--- Task details ---
Begin the copy at the line that contains "5.91. Sandford Cottage", end it at the last line of the entries below, keep every word exact, and include no pictures.

[[ Data to process open ]]

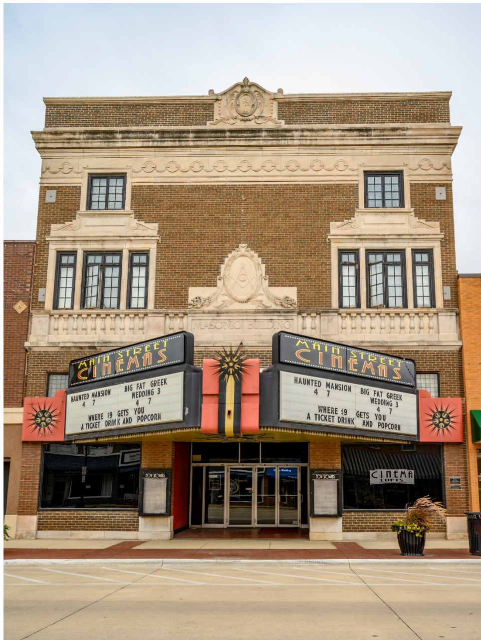
Photograph 44-00246-001. East elevation, looking west (October 2023)
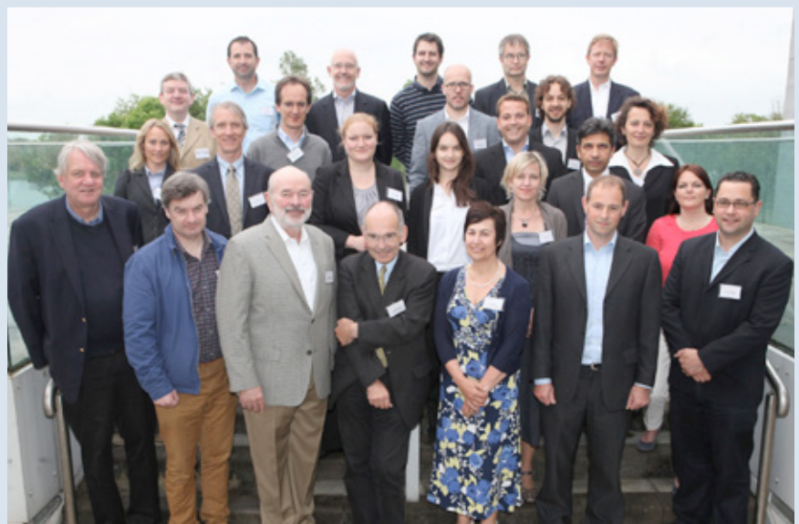
Pictured at the BME-IDEA Europe meeting in NUI Galway were 30 delegates from 15 different BioInnovate/ Biodesign style university programmes from across Europe and the US.

The University recently hosted the first European meeting of the Biomedical Engineering Innovation Design and Entrepreneurship Alliance, in conjunction with US-based Stanford Biodesign. Galway was chosen to host the international workshop because of its strong medical device cluster and the University's close links with researchers in Stanford. The event was an opportunity for delegates from 15 biomedical university programmes from across Europe and the US to share their best practices in innovation, design, technology transfer and entrepreneurship.
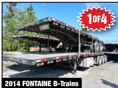
2014 FONTAINE B-Trains
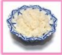
R 3. STICKY RICE $5.00
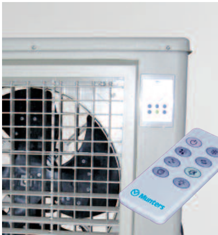
FCA 5F comes with a display and a remote control to easily operate the unit.
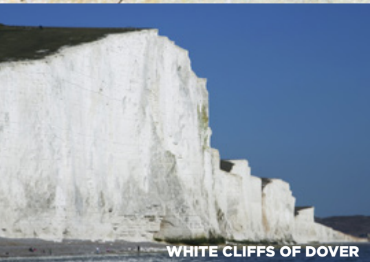
WHITE CLIFFS OF DOVER
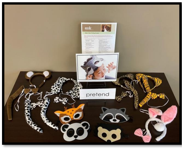
Dress-Up Costumes for Toddlers (Catalogue # 6993 & 6994)
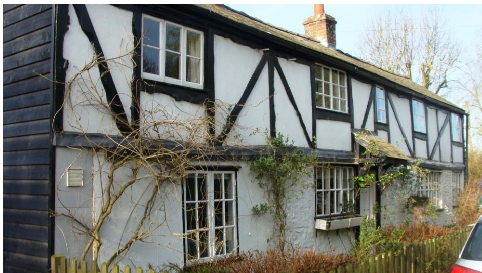
Picture 44. Sandford Cottage an interesting non listed building that adds to the quality of the conservation area and its evolution and which should be retained.

5.91. Sandford Cottage - Building probably of late 19th century origin. Two storeys render with decorative wooden detailing to front. Slate roof, 2 No. chimneys with pots. An Article 4 Direction to provide protection for selected features may be appropriate subject to further consideration and notification.
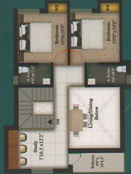
Flat No - 07
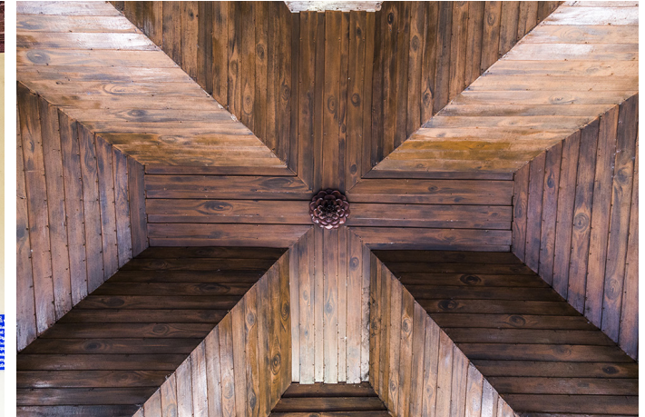
Roof made of only wood.

[[ Data to process closed ]]

--- Written response ---
5.91. Sandford Cottage - Building probably of late 19th century origin. Two storeys render with decorative wooden detailing to front. Slate roof, 2 No. chimneys with pots. An Article 4 Direction to provide protection for selected features may be appropriate subject to further consideration and notification.
Flat No - 07
Roof made of only wood.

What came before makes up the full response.